DATA SUPPLIED =>
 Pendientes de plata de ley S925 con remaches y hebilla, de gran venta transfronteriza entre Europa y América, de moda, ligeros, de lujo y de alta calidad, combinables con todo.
==
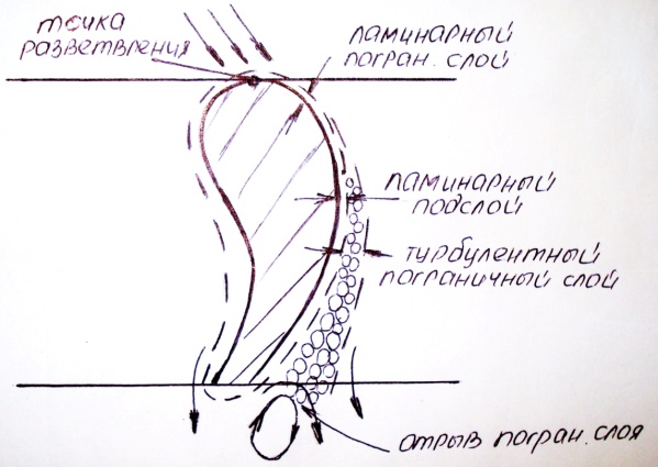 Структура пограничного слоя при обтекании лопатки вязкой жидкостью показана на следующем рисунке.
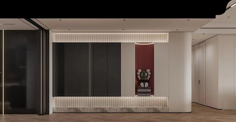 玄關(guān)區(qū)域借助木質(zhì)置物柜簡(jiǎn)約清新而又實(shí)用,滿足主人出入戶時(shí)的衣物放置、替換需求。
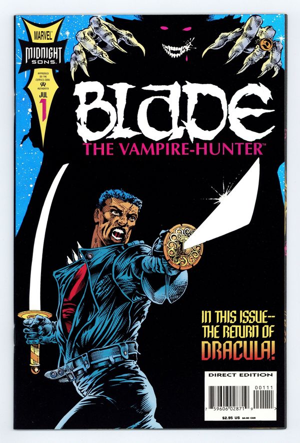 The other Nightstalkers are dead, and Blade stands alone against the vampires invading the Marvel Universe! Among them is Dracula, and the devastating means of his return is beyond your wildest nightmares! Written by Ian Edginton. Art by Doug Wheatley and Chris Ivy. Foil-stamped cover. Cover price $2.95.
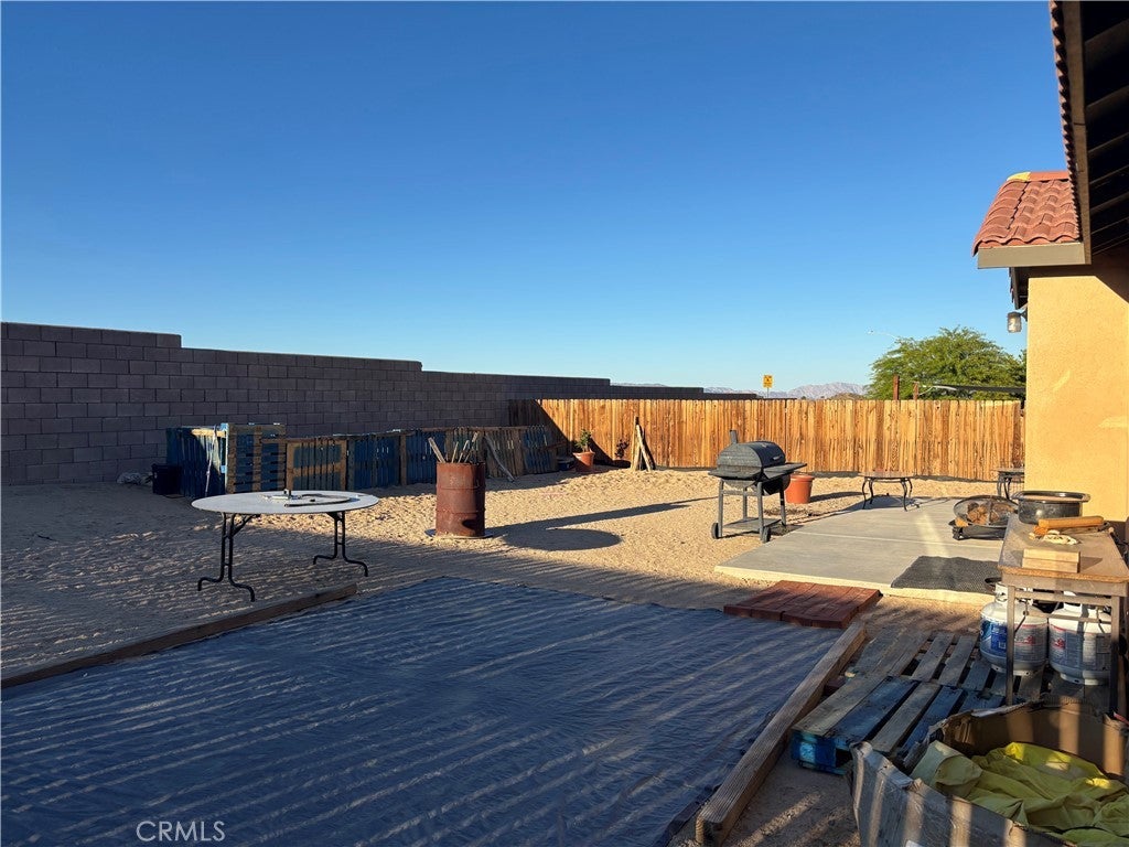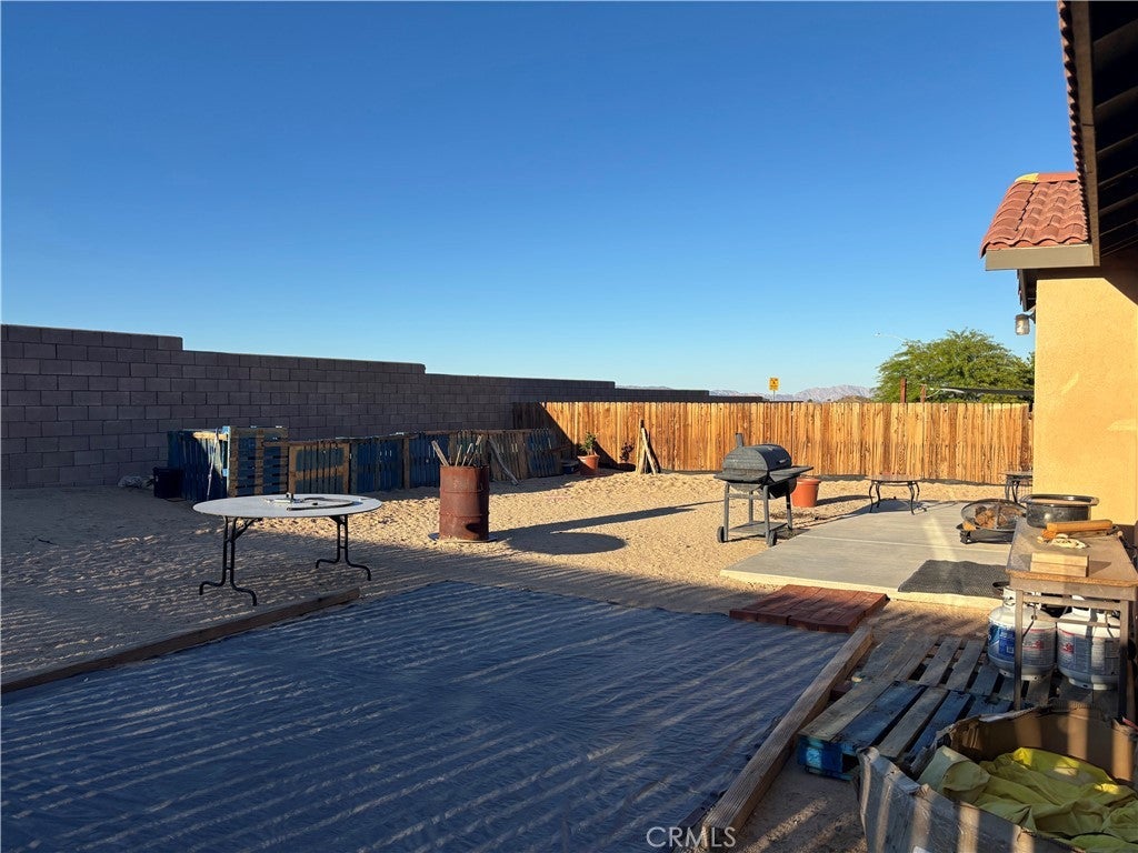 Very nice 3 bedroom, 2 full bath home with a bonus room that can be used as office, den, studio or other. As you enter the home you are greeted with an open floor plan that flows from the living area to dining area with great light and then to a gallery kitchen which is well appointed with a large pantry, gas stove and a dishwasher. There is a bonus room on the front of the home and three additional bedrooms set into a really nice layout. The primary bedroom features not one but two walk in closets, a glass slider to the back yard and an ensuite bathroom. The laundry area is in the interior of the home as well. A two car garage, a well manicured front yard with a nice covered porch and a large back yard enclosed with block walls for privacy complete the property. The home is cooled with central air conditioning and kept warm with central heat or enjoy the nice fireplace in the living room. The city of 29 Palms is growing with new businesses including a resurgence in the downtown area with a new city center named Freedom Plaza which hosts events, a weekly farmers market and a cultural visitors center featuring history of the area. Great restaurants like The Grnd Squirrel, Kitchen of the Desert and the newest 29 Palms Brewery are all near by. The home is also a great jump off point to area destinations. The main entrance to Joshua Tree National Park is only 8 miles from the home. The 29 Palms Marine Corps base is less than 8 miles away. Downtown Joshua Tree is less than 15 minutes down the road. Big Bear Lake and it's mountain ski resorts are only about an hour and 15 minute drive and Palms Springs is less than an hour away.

TASK TO COMPLETE =>
Above are the records; return the lines in them from the one with "玄關(guān)區(qū)域" to the one with "The other Nightstalkers", inclusive, exactly and without images.

ANSWER FOR THIS EXERCISE =>
 玄關(guān)區(qū)域借助木質(zhì)置物柜簡(jiǎn)約清新而又實(shí)用,滿足主人出入戶時(shí)的衣物放置、替換需求。
 The other Nightstalkers are dead, and Blade stands alone against the vampires invading the Marvel Universe! Among them is Dracula, and the devastating means of his return is beyond your wildest nightmares! Written by Ian Edginton. Art by Doug Wheatley and Chris Ivy. Foil-stamped cover. Cover price $2.95.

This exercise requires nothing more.